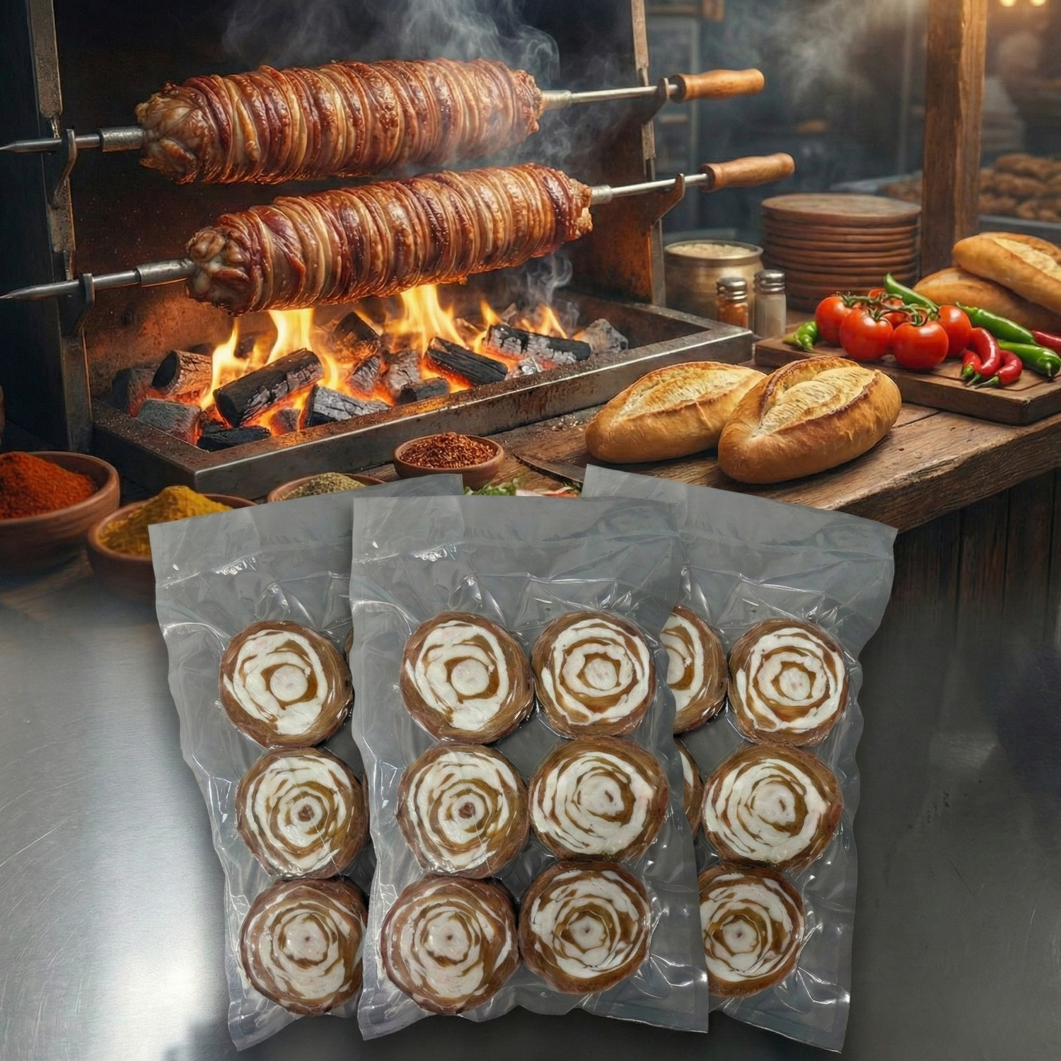 1450g - 1550g ArasıGeleneksel İzmir usulü sarımın profesyonel mutfaktaki yorumu. Baton formunda sunulan bu ürün, kokoreci kendi zevkine göre dilimlemek isteyen gurmeler için özel olarak hazırlanmıştır. İri kıyım dokusuyla dışı çıtır, içi sulu bir lezzet deneyimi sunar; ustalığı sofranıza taşır.
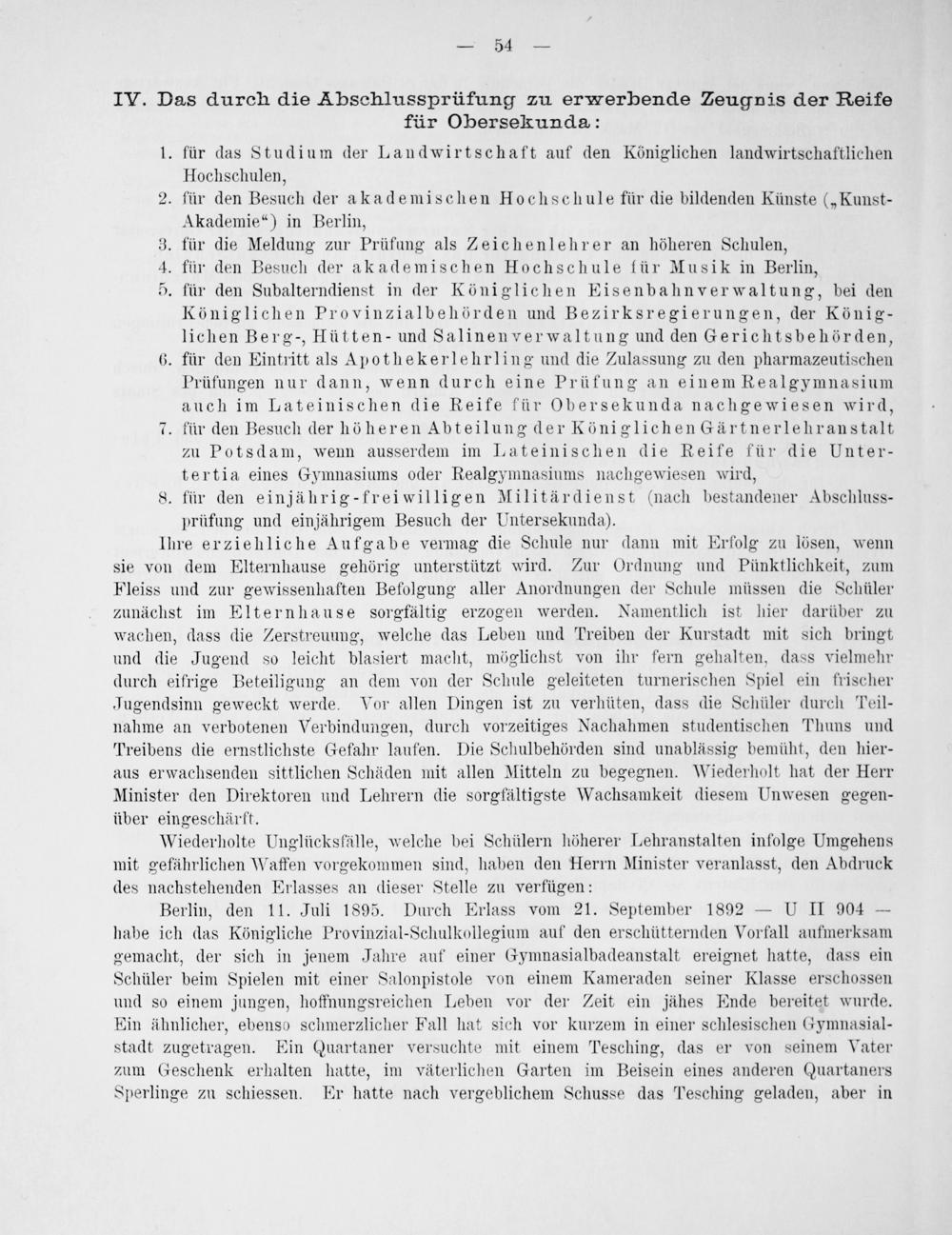Berlin, den 11. Juli 1895. Durch Erlass vom 21. September 1892— U II 904— habe ich das Königliche Provinzial-Schulkollegium auf den erschütternden Vorfall aufmerksam gemacht, der sich in jenem Jahre auf einer Gymnasialbadeanstalt ereignet hatte, dass ein Schüler beim Spielen mit einer Salonpistole von einem Kameraden seiner Klasse erschossen und so einem jungen, hoffnungsreichen Leben vor der Zeit ein jähes Ende bereitet wurde. Ein ähnlicher, ebenso schmerzlicher Fall hat sich vor kurzem in einer schlesischen Gymnasial- stadt zugetragen. Ein Quartaner versuchte mit einem Tesching, das er von seinem Vater zum Geschenk erhalten hatte, im väterlichen Garten im Beisein eines anderen Quartaners Sberlinge zu schiessen. Er hatte nach vergeblichem Schusse das Tesching geladen, aber in
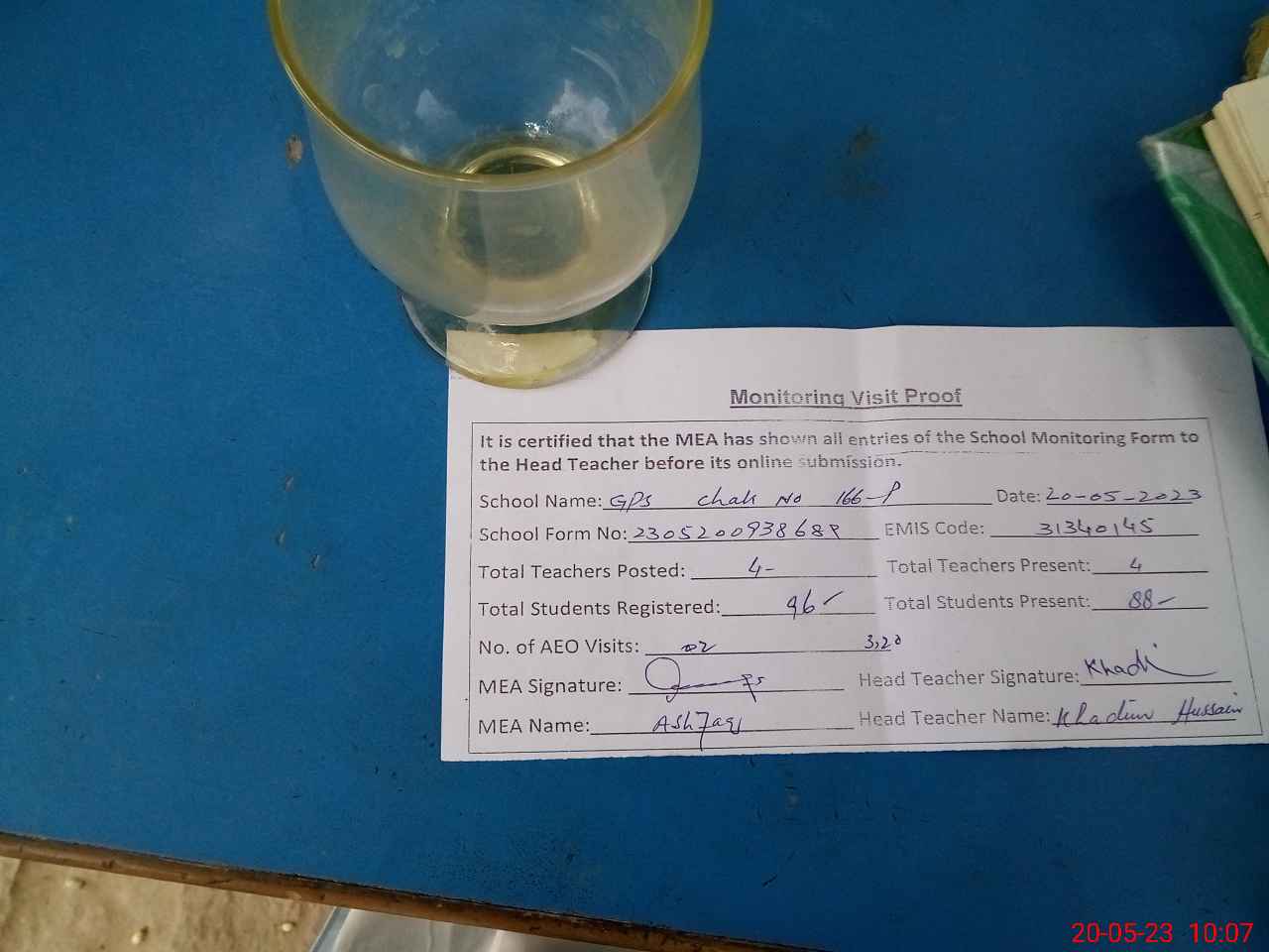 | Attendance Register | Head Teacher | MEA with School | Visit Proof |
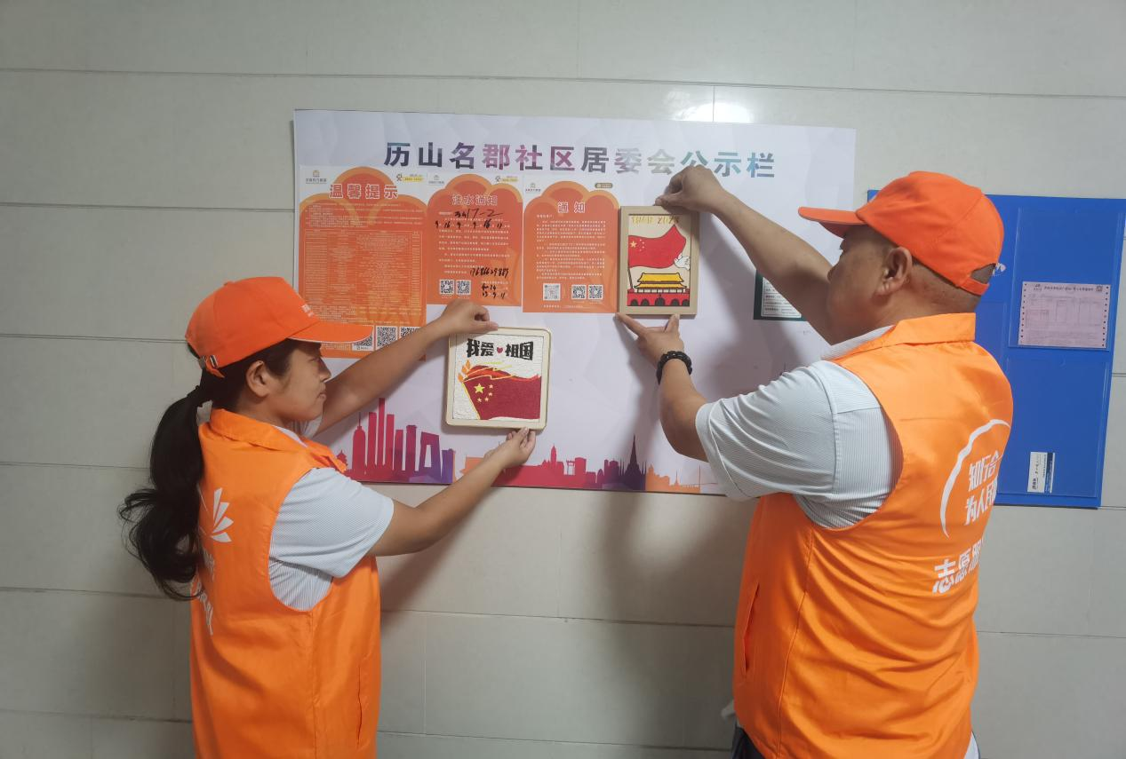 为了更好的服务群众,提供贴心的管家服务,和弘公司党员团员志愿者们带着制作的国庆纸浆画走进社区,在小区楼前公示栏上张贴,为用户营造浓浓节日氛围。

---+---

- _EXERCISE_: Return the material exactly as given above, picture-free.

- _RESPONSE TO THIS EXERCISE_:
 1450g - 1550g ArasıGeleneksel İzmir usulü sarımın profesyonel mutfaktaki yorumu. Baton formunda sunulan bu ürün, kokoreci kendi zevkine göre dilimlemek isteyen gurmeler için özel olarak hazırlanmıştır. İri kıyım dokusuyla dışı çıtır, içi sulu bir lezzet deneyimi sunar; ustalığı sofranıza taşır.
Berlin, den 11. Juli 1895. Durch Erlass vom 21. September 1892— U II 904— habe ich das Königliche Provinzial-Schulkollegium auf den erschütternden Vorfall aufmerksam gemacht, der sich in jenem Jahre auf einer Gymnasialbadeanstalt ereignet hatte, dass ein Schüler beim Spielen mit einer Salonpistole von einem Kameraden seiner Klasse erschossen und so einem jungen, hoffnungsreichen Leben vor der Zeit ein jähes Ende bereitet wurde. Ein ähnlicher, ebenso schmerzlicher Fall hat sich vor kurzem in einer schlesischen Gymnasial- stadt zugetragen. Ein Quartaner versuchte mit einem Tesching, das er von seinem Vater zum Geschenk erhalten hatte, im väterlichen Garten im Beisein eines anderen Quartaners Sberlinge zu schiessen. Er hatte nach vergeblichem Schusse das Tesching geladen, aber in
 | Attendance Register | Head Teacher | MEA with School | Visit Proof |
 为了更好的服务群众,提供贴心的管家服务,和弘公司党员团员志愿者们带着制作的国庆纸浆画走进社区,在小区楼前公示栏上张贴,为用户营造浓浓节日氛围。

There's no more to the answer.